Below are the list of all variables in the data  set are :

• Sex: nominal variable – takes levels of M, F, and I (infant).

• Length: continuous variable (mm) – Longest shell measurement

• Diameter: continuous variable (mm) – perpendicular to length

• Height: continuous variable (mm) – with meat in shell

• Whole weight: continuous variable (grams) – whole abalone

• Shucked weight: continuous variable (grams) – weight of meat

• Viscera weight: continuous variable (grams) – gut weight (after bleeding)

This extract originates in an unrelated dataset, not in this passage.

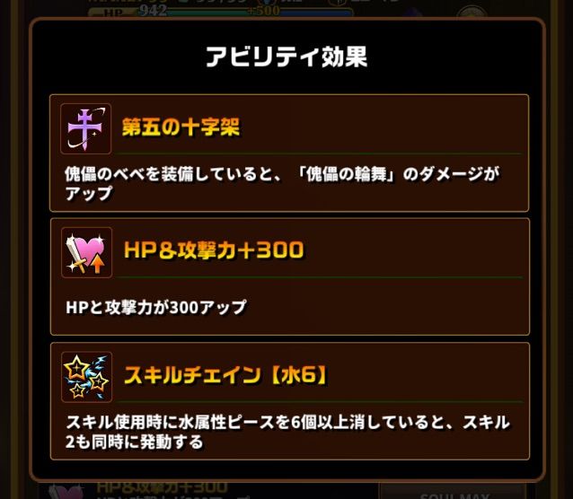 また、6回攻撃するには同時に水ピースを6つ消してスキル2をスキルチェインで発動させてやらないといけないので注意しましょう。

• Shell weight: continuous variable (grams) – after being dried

• Rings: integer

We are interested in predicting the rings variable is greater than 9 or not. So you need to creat the binary

response based on it,

Ships data for Q2

We are interested in the number of accidents per month for a sample of ships (a classic example given by McCullagh & Nelder, 1989). The data can be found in the file “ships.csv” and it contains 40 subjects data with 14 variables. The response variable is called ACC. The explicative variables are:

• TYPE: there are 5 ships, labelled as 1-2-3-4-5. Type is a categorical variable, and 5 dummy TA, TB,TC, TD, TE.
•  CONSTRUCTION YEAR: the ships are constructed in one of four periods, leading to the dummy variables T6064, T6569, T7074, T7579.
• MONTHS: a measure for the amount of service months that the ship has already carried out.